House wars, 3-inch high condos, and Google Account Activity

It’s like 2006 all over again. According to Bloomberg, bidding wars for homes are breaking out once more. “The bidding wars seen in such places as Seattle aren’t found everywhere. In metropolitan areas including Atlanta and California’s Riverside and San Bernardino counties, housing remains weak as high unemployment and falling prices deter first-time and move-up homebuyers.”   The competition for home is for the usual reasons—empty nesters job changes and divorce.

A Toronto developer has plans under way to develop what they believe will be the first condominium building comprised of safety deposit boxes. The Globe & Mail reports that unlike traditional rental boxes, owners can sell or rent these out themselves.

Who’s watching the watcher? Google has launched a new service called Account Activity that will provide you a monthly report on how you are using Googles vast array of services – email, search, video, etc. Google is touting it as a new security feature. If you notice anything strange, you can take steps to protect yourself from hackers.

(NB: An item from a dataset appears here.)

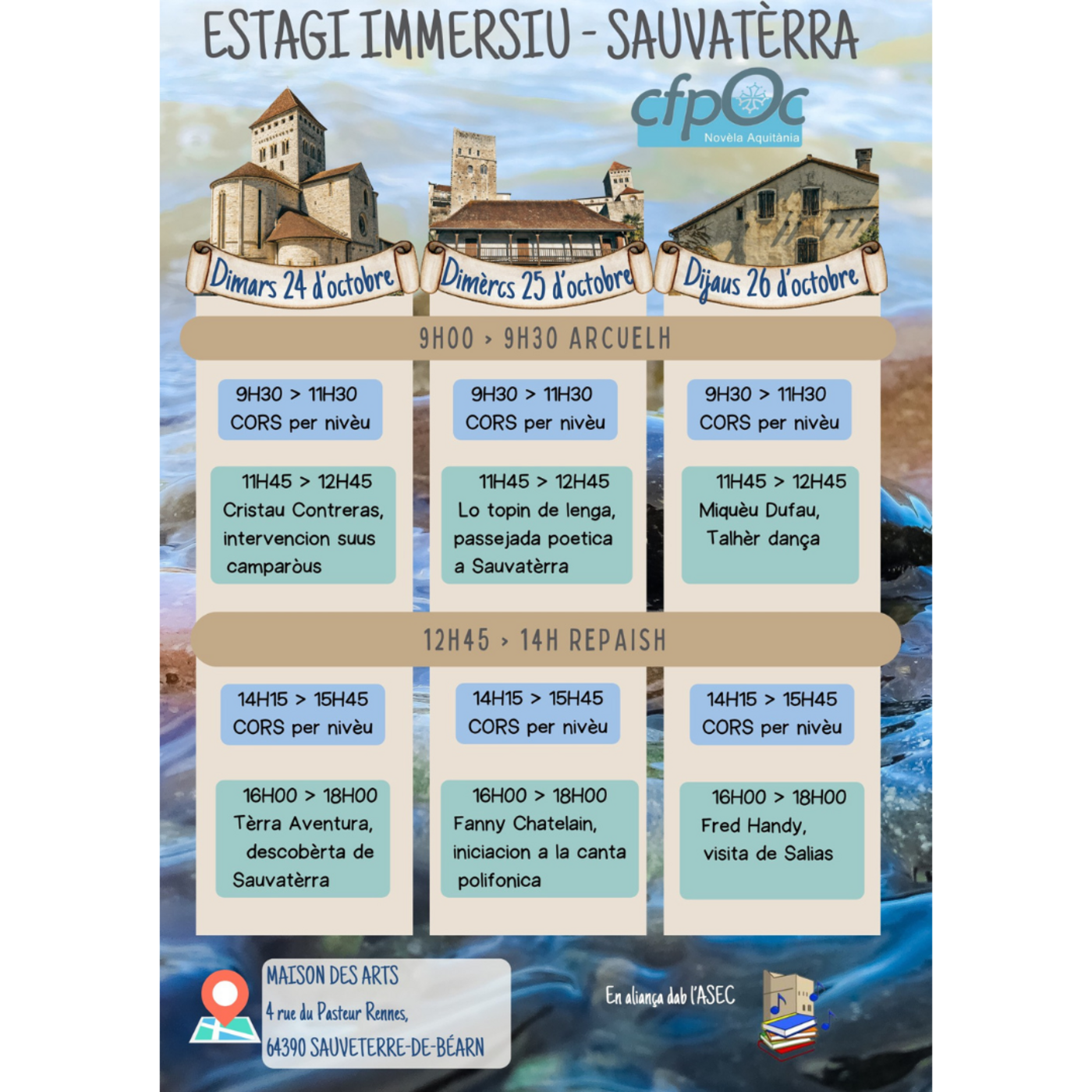 L'encargada del desvolopament de la formacion del CFPÒC Navèra-Aquitània nos presenta l'estagi immersiu d'occitan que se debana del 24 al 26 d'octobre a Sauvatèrra-de-Bearn (64).

In recent years, reality TV has explored the lives of hoarders on various shows. But hoarding isn’t only keeping and collecting material things. Have you used all your free space on gmail and now have to purchase extra storage? The Wall Street Journal examines the little known world of digital hoarders and offers advice on how to let go.

Why don’t young Americans buy cars? The billion-dollar question for automakers is whether this shift is truly permanent, the result of a baked-in attitude shift among Millennials that will last well into adulthood, or the product of an economy that’s been particularly brutal on the young.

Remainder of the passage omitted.